The first book by Kerouac I read back in the day of Colorado was Dharma Bums and the long romantic descriptions of travel and release from who you are in exchange for who you want to be caught me by surprise. I won’t go in to where I first read it but then I read On the Road and then the Subterraneans–then I read Town and the City after a few abandonments but then I read Maggie Cassady and then Tristessa. I read most of Kerouac’s work. I love these books so much. And in a way I find myself so fortunate to be able to teach On the Road in the novels course. I try to speak calmly and stay professional but I want to be able to explain anecdotally how the writing spoke to me and saved me really in the way only a few books have–back in the day when I was a young moco and full of sadness and anger. Only Salinger and Jack London saved me from my own horrible thoughts as a kid. I hate to say it but the stories and language was so accessible to my young mind I find myself lost in the stories–so immersed in Kerouac’s journal-like writing and travels. To travel without ammenity or comfort was romanticised but also presented filled with possibility.
Since those early readings I have been lucky enough to travel to New York State and City as well as the West Coast–Riverside and Pasadena for work and of course Oregon and Washington while in school. (I only seem to have missed the south–New Orleans and Texas. Southern Illinois down to the Kentucky border along the Ohio river is the farthest south I’ve traveled.) Oh and I have never travelled to Europe though thanks to Stine I have received postcards nor have I travelled down south to Mexico–I’ve only been as far south as San Diego.
And as I write this I feel this text may not have a failed audience in my class. On Friday I was late for a 3pm meeting because my students were excited about Kerouac’s On the Road–or at least a few were. They seem to be attracted–or at least by my lecture–to the irrational. I find Kerouac’s writing interesting for the idea that his character Sal seems to choose the irrational because he was human–including Dean Moriarity as a friend and brother even though that might be the most irrational friend to choose. I tell my students that we are human and make decisions of love and passion and not just common sense or of self gain–status. Sometimes the mad or irrational people are the most interesting to follow. I can name quite a few decisions in my life where I have chosen the irrational–chosen the uncormfortable. Perhaps that is why I love this book so much.

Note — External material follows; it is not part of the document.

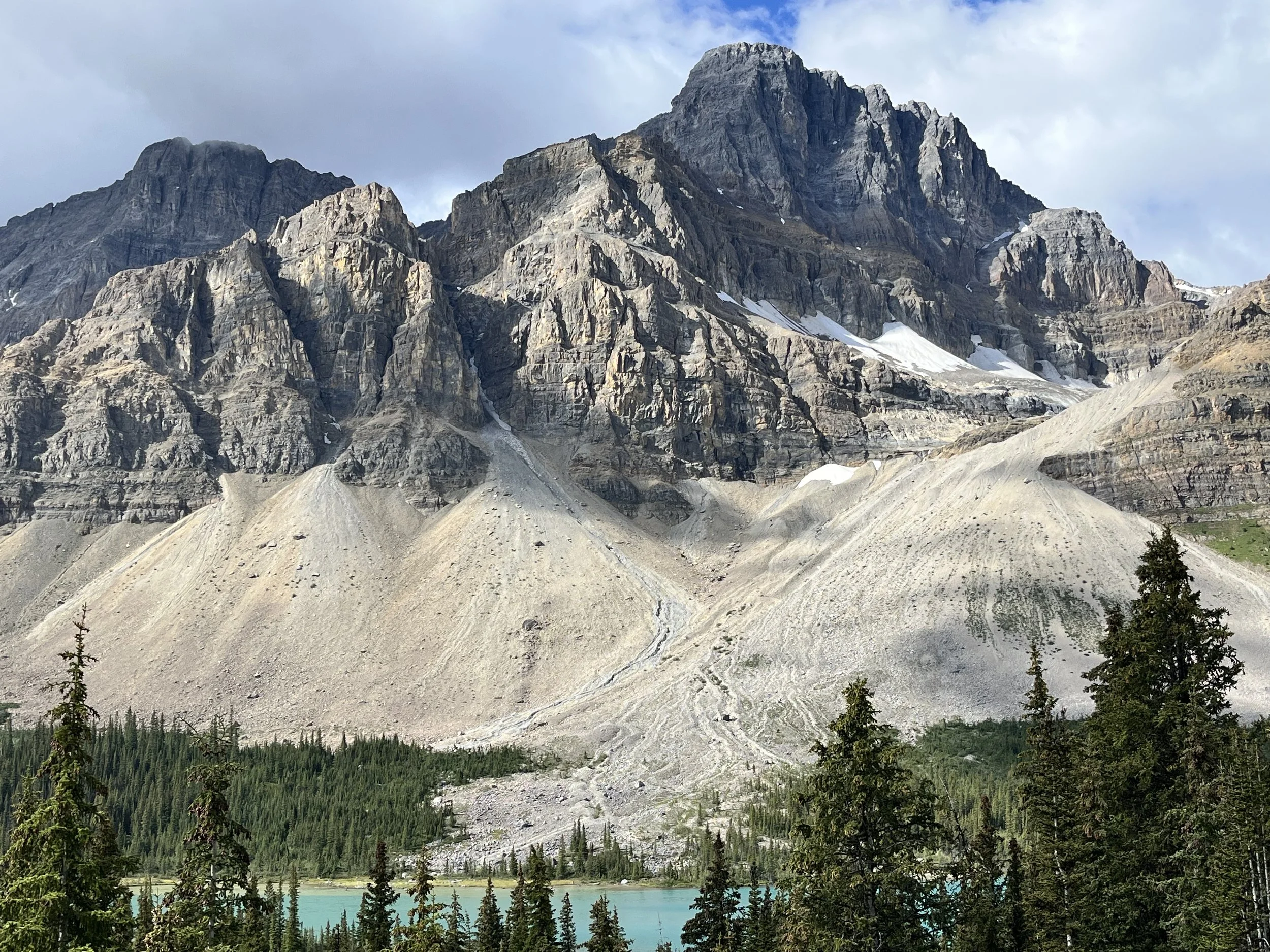 The Canadian Rockies have a different look and feel compared to the Rocky Mountains of New Mexico, Colorado, and Wyoming. Whereas mountains in the lower U.S. states often have a high tree line with tundra and rock only at the highest elevations, peaks of Alberta’s Rockies are more visually imposing with ridgelines of ragged rock and steep cliffs flanked by sloping talus aprons. The Canadian Rockies were formed through uplift and erosion over more than 70 million years. They are composed of sedimentary rock, mostly sandstone, shale, and dolomite, from the Precambrian through the Cretaceous periods (600 million to 66 million years ago). The distinctive look of the Canadian Rockies can also be attributed to a 40 to 60° dip in layers of sedimentary strata that forms sawbacks and dogtooth features. Subsequent reshaping by glacial action has left cirques (ragged ridgelines), arêtes (sharp peaks), and U-shaped valleys.

A few summers back I found myself in San Francisco after an incredible train ride across the country and found CIty Lights Bookstore the famous meeting place of my favorite Beat writers. I was in San Francisco for two days and went there each of those days to sniff around the basement and the second floor where the readings take place. And I’ll never forget but up on the third floor I found the back window open and a homeless man screaming as some restaurant owner was asking him and then ordering him to leave. The man kept yelling he was a man and that noone should order him around. He sounded crazier and crazier and I loved it–the spirit or the voices of the world came in from the window to my polite quiet self browsing books and the cheesy, touristy posters.